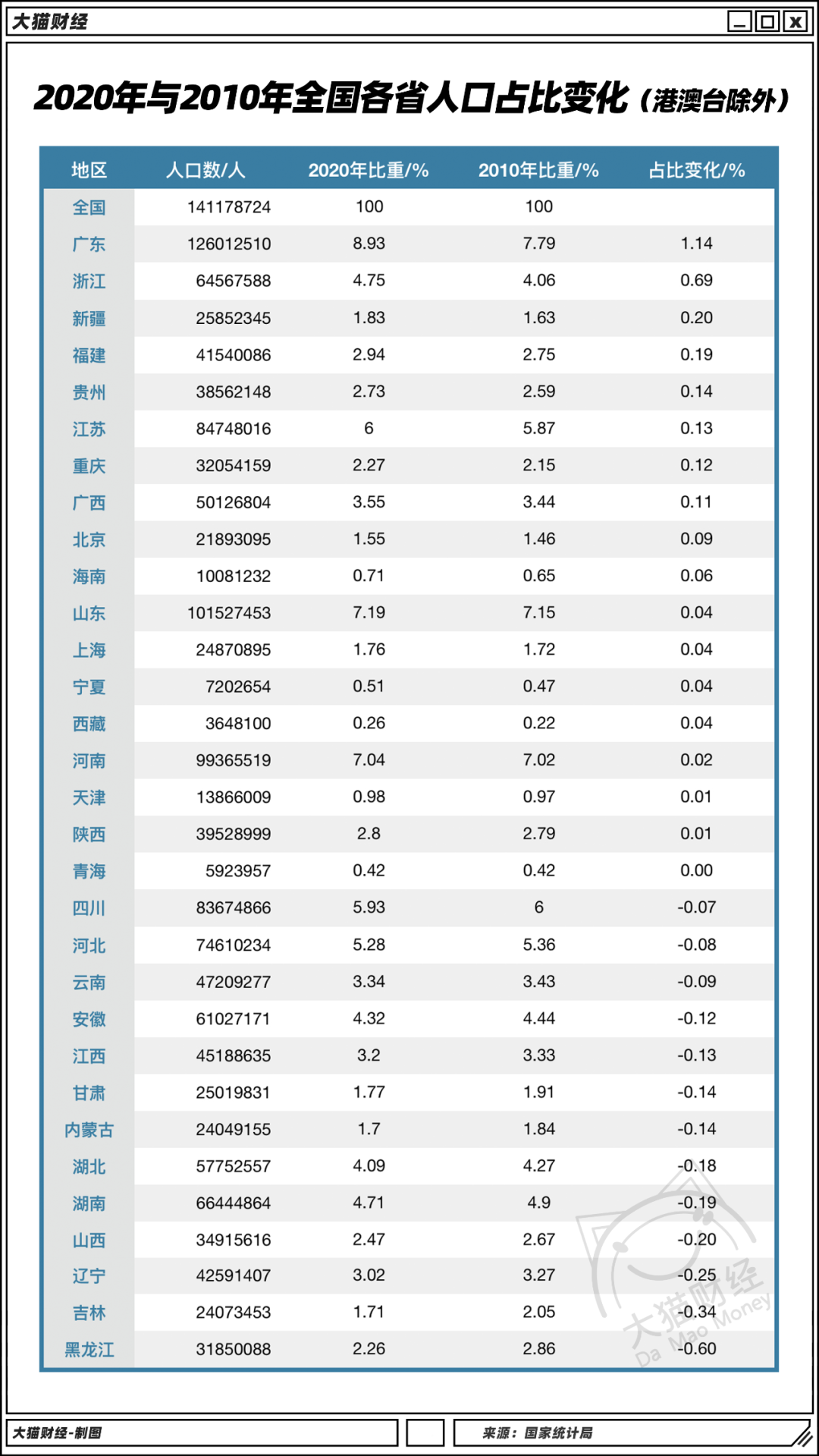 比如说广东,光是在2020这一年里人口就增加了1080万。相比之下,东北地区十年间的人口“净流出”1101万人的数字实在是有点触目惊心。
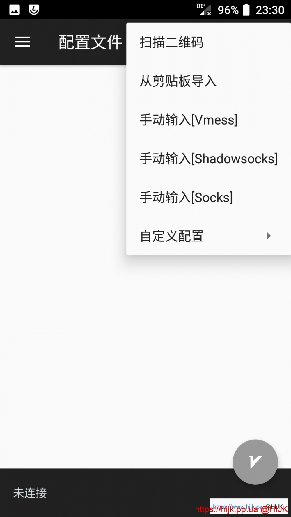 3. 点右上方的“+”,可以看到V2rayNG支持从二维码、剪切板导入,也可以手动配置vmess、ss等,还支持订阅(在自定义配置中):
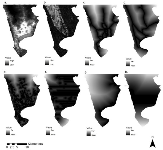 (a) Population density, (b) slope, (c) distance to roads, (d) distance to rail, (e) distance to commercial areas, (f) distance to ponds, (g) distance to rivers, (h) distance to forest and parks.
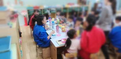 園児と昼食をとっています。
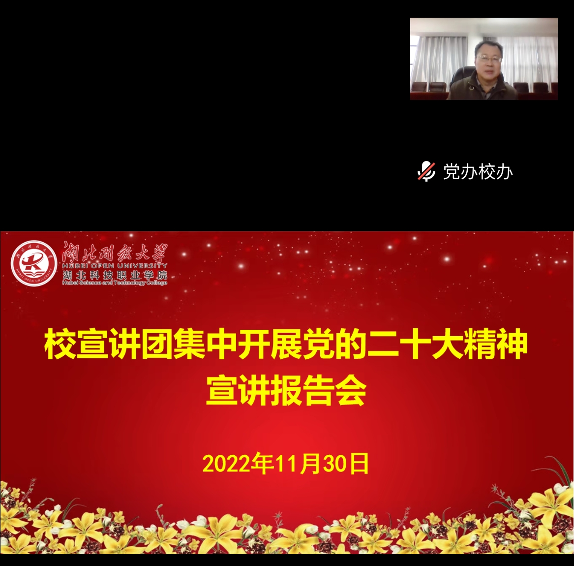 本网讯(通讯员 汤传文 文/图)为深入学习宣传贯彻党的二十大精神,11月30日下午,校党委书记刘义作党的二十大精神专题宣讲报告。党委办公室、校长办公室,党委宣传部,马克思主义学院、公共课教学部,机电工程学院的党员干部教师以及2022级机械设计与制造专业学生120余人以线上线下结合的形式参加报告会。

------------------------------------------------------------------------

● What to produce
Your answer must be the lines from the one containing "園児と昼食をとっています。" through the final line of the entries, duplicated exactly, with both ends kept and all pictures left out.

● Reply
 園児と昼食をとっています。
 本网讯(通讯员 汤传文 文/图)为深入学习宣传贯彻党的二十大精神,11月30日下午,校党委书记刘义作党的二十大精神专题宣讲报告。党委办公室、校长办公室,党委宣传部,马克思主义学院、公共课教学部,机电工程学院的党员干部教师以及2022级机械设计与制造专业学生120余人以线上线下结合的形式参加报告会。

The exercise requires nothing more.